▸ TASK OBJECTIVE: Start at the line below containing "下は先週末、韓国料理屋さんで食べた石焼豚キムチ丼。" and stop at the line containing "Experience privacy, luxury, &". Repeat every line of that stretch exactly, and nothing outside it.

▸ RECORDS SHOWN:
'''

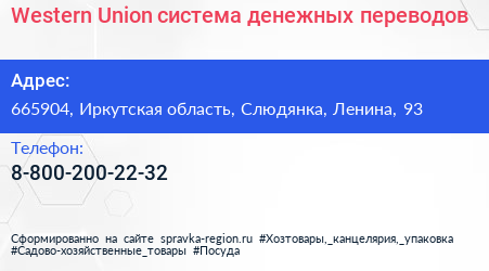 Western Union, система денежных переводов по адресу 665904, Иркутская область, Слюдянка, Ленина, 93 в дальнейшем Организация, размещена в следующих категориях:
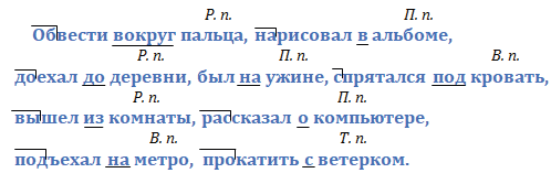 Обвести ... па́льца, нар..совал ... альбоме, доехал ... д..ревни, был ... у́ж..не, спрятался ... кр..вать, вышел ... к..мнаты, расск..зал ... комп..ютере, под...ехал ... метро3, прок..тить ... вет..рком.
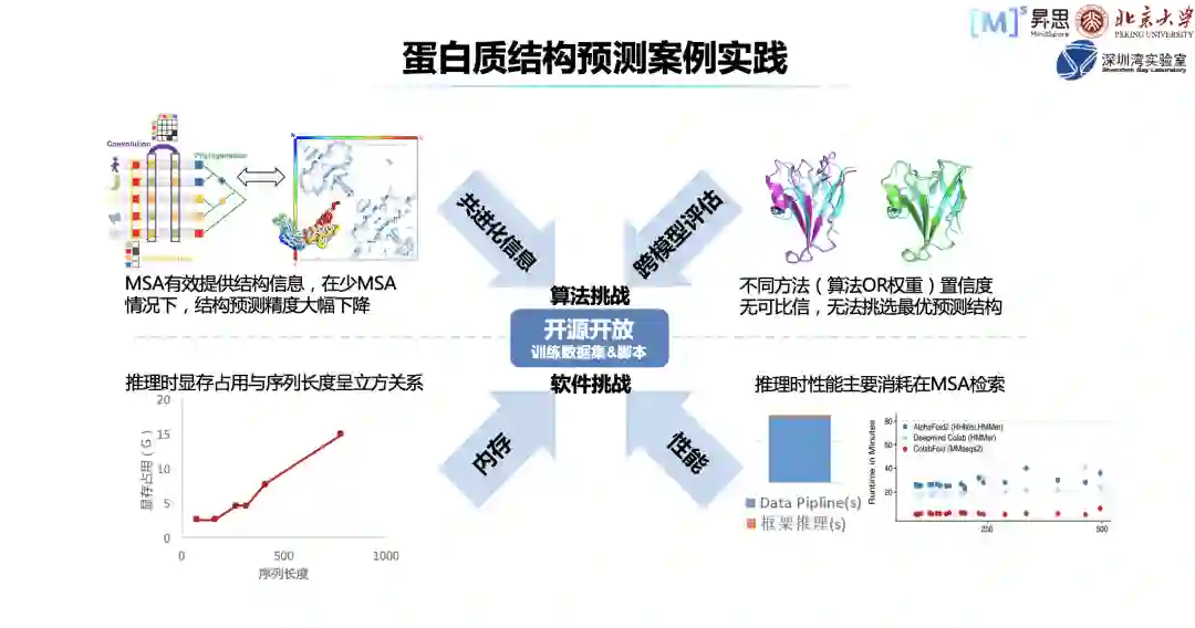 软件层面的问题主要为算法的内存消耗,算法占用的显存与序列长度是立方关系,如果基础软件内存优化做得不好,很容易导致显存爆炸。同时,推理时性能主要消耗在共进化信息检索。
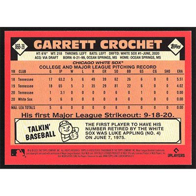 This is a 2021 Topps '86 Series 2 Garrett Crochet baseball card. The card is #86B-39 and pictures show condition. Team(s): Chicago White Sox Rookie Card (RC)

'''
'''

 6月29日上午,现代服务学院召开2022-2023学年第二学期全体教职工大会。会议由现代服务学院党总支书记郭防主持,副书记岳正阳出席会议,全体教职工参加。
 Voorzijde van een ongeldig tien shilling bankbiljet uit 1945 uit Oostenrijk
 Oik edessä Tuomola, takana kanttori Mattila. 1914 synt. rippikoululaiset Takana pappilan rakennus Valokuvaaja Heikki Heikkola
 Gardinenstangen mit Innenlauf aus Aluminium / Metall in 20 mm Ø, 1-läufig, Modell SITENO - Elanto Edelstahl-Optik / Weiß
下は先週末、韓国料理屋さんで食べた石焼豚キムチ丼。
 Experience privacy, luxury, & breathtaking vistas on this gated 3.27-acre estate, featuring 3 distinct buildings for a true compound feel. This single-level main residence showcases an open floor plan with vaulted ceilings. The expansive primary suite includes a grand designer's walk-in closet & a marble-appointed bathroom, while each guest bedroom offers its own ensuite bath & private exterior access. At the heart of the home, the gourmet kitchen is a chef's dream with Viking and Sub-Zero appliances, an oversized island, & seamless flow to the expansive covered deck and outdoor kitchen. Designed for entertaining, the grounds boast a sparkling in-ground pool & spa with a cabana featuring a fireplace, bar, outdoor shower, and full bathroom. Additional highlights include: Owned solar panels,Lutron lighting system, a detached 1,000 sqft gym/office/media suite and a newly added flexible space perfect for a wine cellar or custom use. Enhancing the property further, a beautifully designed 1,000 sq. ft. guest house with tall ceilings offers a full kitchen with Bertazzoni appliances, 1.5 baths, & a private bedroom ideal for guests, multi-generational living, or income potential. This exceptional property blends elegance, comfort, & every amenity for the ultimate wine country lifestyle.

'''

▸ OUTPUT BELOW:
下は先週末、韓国料理屋さんで食べた石焼豚キムチ丼。
 Experience privacy, luxury, & breathtaking vistas on this gated 3.27-acre estate, featuring 3 distinct buildings for a true compound feel. This single-level main residence showcases an open floor plan with vaulted ceilings. The expansive primary suite includes a grand designer's walk-in closet & a marble-appointed bathroom, while each guest bedroom offers its own ensuite bath & private exterior access. At the heart of the home, the gourmet kitchen is a chef's dream with Viking and Sub-Zero appliances, an oversized island, & seamless flow to the expansive covered deck and outdoor kitchen. Designed for entertaining, the grounds boast a sparkling in-ground pool & spa with a cabana featuring a fireplace, bar, outdoor shower, and full bathroom. Additional highlights include: Owned solar panels,Lutron lighting system, a detached 1,000 sqft gym/office/media suite and a newly added flexible space perfect for a wine cellar or custom use. Enhancing the property further, a beautifully designed 1,000 sq. ft. guest house with tall ceilings offers a full kitchen with Bertazzoni appliances, 1.5 baths, & a private bedroom ideal for guests, multi-generational living, or income potential. This exceptional property blends elegance, comfort, & every amenity for the ultimate wine country lifestyle.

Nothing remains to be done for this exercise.